Extract the full listing verbatim and drop any pictures from your copy.

───── Given records

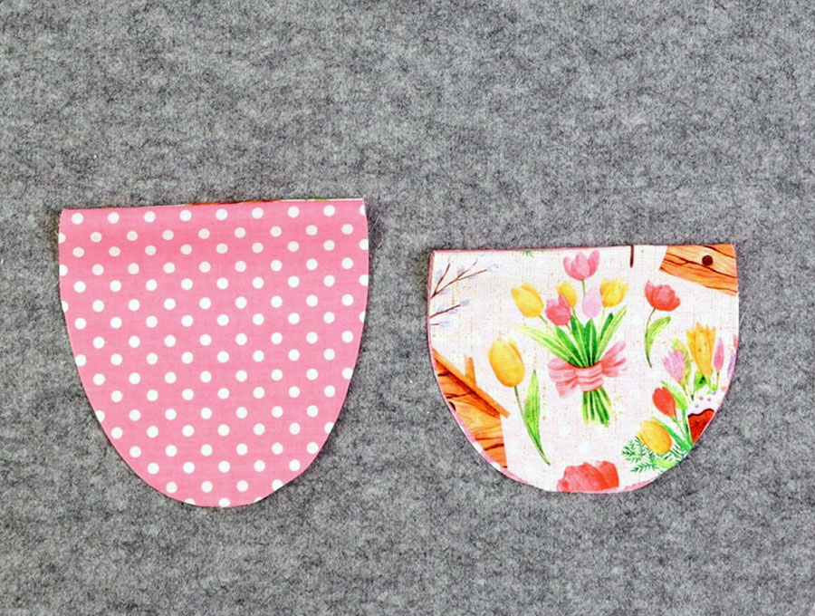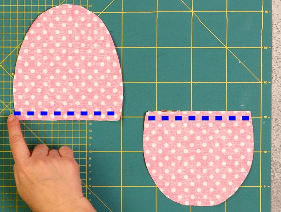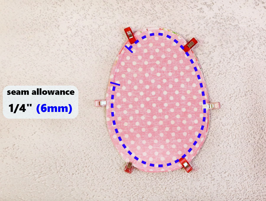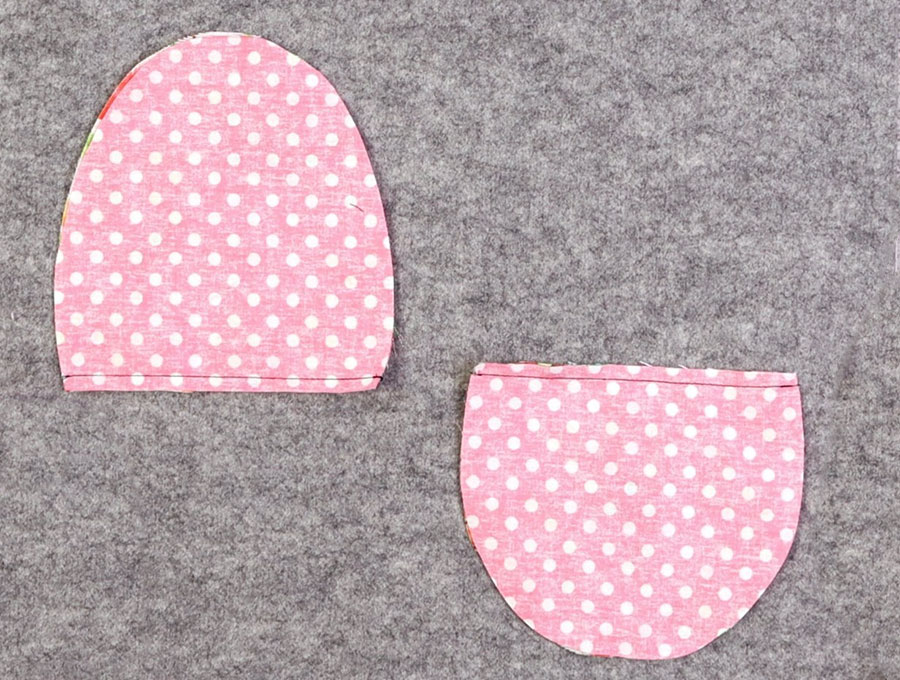 After cutting take the 2 pieces for the top of the egg, place them right sides together and stitch along the straight side ¼ inch (6 mm) from the edge. Repeat for the bottom of the egg
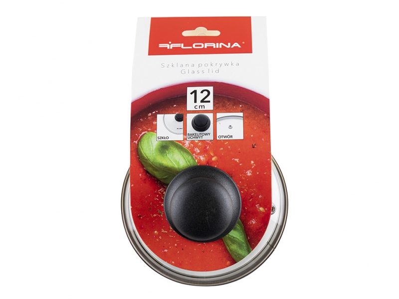 Univerzání poklice z tvrzeného skla s kovovým okrajem, plastovým úchytem a otvorem pro únik páry, průměr 12 cm.Nevhodné do trouby.
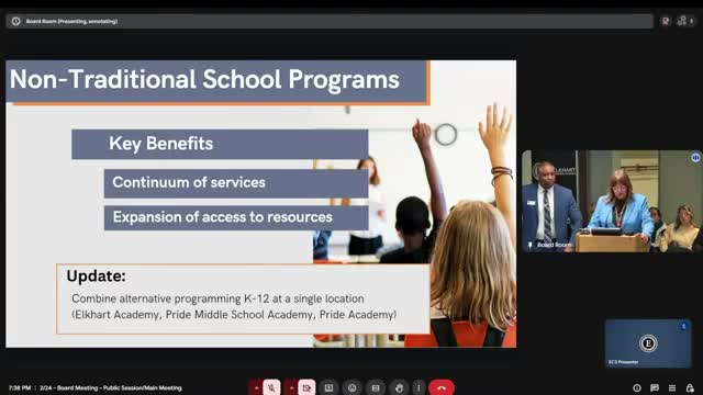 Hough said Phase 3 focuses on how to 'move people from A to B' with care and intentionality, and emphasized that while consolidation is necessary because of structural financial challenges, many implementation details are subject to revision in response to staff and family feedback. The administration recommended centralizing K‑12 nontraditional programs (Elkhart Academy, Pride Middle School Academy, and Pride Academy) into a single building to create a continuum of services and improve access to resources. District staff also proposed relocating PACE, Title I and Head Start preschool classrooms to Roosevelt STEAM Academy to co‑locate early learning programs.
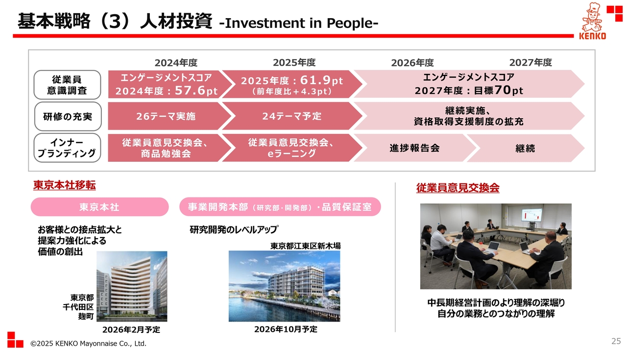 2025年度のエンゲージメントスコアは61.9ポイントで、前年度から4.3ポイント増加しました。従業員のエンゲージメントを把握し、課題を強みに転換するアクションプランを継続的に実行することで、さらなる向上を目指しています。研修の充実やインナーブランディングにも引き続き取り組んでいきます。
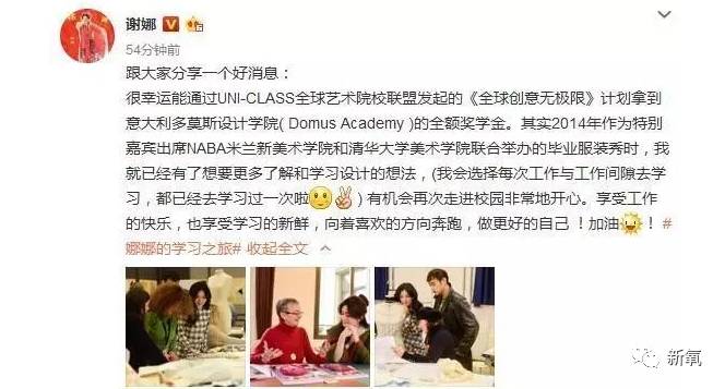 今年三月,她在微博宣布自己拿到了意大利多莫斯设计学院全额奖学金,要去欧洲学设计。
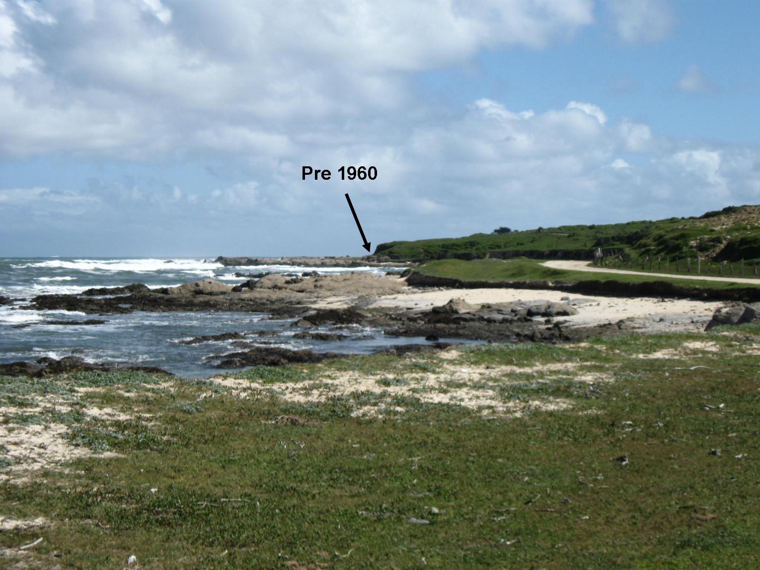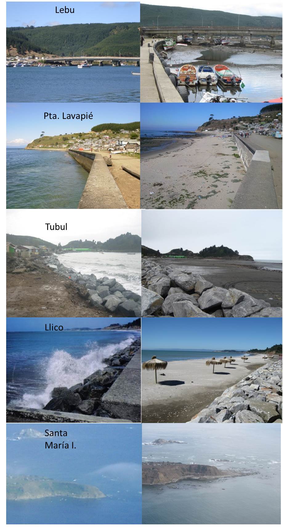 Lebu underwent a coseismic ground uplift of 1.2-1.3 m during the Valdivia 1960 earthquake (Veyl, 1960; Saint Amand, 1961; Plafker and Savage, 1970). As a result Lebu river mouth dried out and the marine abrasion platform emerged (Figs. 4 and 5). This 1960 surface uplift was reversed in the 50 years between Valdivia 1960 and Maule 2010 earthquakes, so the marine platform became submerged and Lebu river mouth was navigable again (Fig. 5). The relative increase in sea level occurred during the interseismic 1960-2010 interval, in Santa María Island and the western border of Arauco Peninsula, caused several morphologic changes with consequences in the anthropic activity (Quezada et al., 2012, Figs. 4 and 5). The coastal cliff became active and the beaches narrower. In Tubul, Llico and Punta Lavapié (NW tip of Arauco Peninsula, (Fig. 3), the sea level increase generated that houses closer to the coast line were threatened, especially during winter storms, having forced the construction of a breakwater (Fig. 4). In Lebu, Punta Lavapié, Tubul and Llico the navigation was facilitated. 1960 coseismic ground uplift occurred also in Caleta Yani (37.36°, Fig. 3): 0.7 m (Veyl, 1960) that also was recovered before 2010 Maule earthquake. On the contrary, the 1.5-1.8 m coseismic uplift in Mocha Island during the 1960 earthquake that produced the emersion of the marine abrasion platform, making possible the construction of a way that encircled the island, remained until the occurrence of Maule 2010 earthquake, as we could corroborate during our first trip to Mocha Island on November 6-7th 2009 (Fig. 6). Before the 1960 earthquake, a dock was planned to build in Mocha Island. The construction began after this quake and was not considered in the original topographic map built before the 1960 earthquake, the coseismic uplift that generated a sea level drop, so once the dock was ended, it became useless. We saw this dock in November 6th 2009 remaining dry.

──────────

■ Exercise response
 After cutting take the 2 pieces for the top of the egg, place them right sides together and stitch along the straight side ¼ inch (6 mm) from the edge. Repeat for the bottom of the egg
 Univerzání poklice z tvrzeného skla s kovovým okrajem, plastovým úchytem a otvorem pro únik páry, průměr 12 cm.Nevhodné do trouby.
 Hough said Phase 3 focuses on how to 'move people from A to B' with care and intentionality, and emphasized that while consolidation is necessary because of structural financial challenges, many implementation details are subject to revision in response to staff and family feedback. The administration recommended centralizing K‑12 nontraditional programs (Elkhart Academy, Pride Middle School Academy, and Pride Academy) into a single building to create a continuum of services and improve access to resources. District staff also proposed relocating PACE, Title I and Head Start preschool classrooms to Roosevelt STEAM Academy to co‑locate early learning programs.
 2025年度のエンゲージメントスコアは61.9ポイントで、前年度から4.3ポイント増加しました。従業員のエンゲージメントを把握し、課題を強みに転換するアクションプランを継続的に実行することで、さらなる向上を目指しています。研修の充実やインナーブランディングにも引き続き取り組んでいきます。
 今年三月,她在微博宣布自己拿到了意大利多莫斯设计学院全额奖学金,要去欧洲学设计。
 Lebu underwent a coseismic ground uplift of 1.2-1.3 m during the Valdivia 1960 earthquake (Veyl, 1960; Saint Amand, 1961; Plafker and Savage, 1970). As a result Lebu river mouth dried out and the marine abrasion platform emerged (Figs. 4 and 5). This 1960 surface uplift was reversed in the 50 years between Valdivia 1960 and Maule 2010 earthquakes, so the marine platform became submerged and Lebu river mouth was navigable again (Fig. 5). The relative increase in sea level occurred during the interseismic 1960-2010 interval, in Santa María Island and the western border of Arauco Peninsula, caused several morphologic changes with consequences in the anthropic activity (Quezada et al., 2012, Figs. 4 and 5). The coastal cliff became active and the beaches narrower. In Tubul, Llico and Punta Lavapié (NW tip of Arauco Peninsula, (Fig. 3), the sea level increase generated that houses closer to the coast line were threatened, especially during winter storms, having forced the construction of a breakwater (Fig. 4). In Lebu, Punta Lavapié, Tubul and Llico the navigation was facilitated. 1960 coseismic ground uplift occurred also in Caleta Yani (37.36°, Fig. 3): 0.7 m (Veyl, 1960) that also was recovered before 2010 Maule earthquake. On the contrary, the 1.5-1.8 m coseismic uplift in Mocha Island during the 1960 earthquake that produced the emersion of the marine abrasion platform, making possible the construction of a way that encircled the island, remained until the occurrence of Maule 2010 earthquake, as we could corroborate during our first trip to Mocha Island on November 6-7th 2009 (Fig. 6). Before the 1960 earthquake, a dock was planned to build in Mocha Island. The construction began after this quake and was not considered in the original topographic map built before the 1960 earthquake, the coseismic uplift that generated a sea level drop, so once the dock was ended, it became useless. We saw this dock in November 6th 2009 remaining dry.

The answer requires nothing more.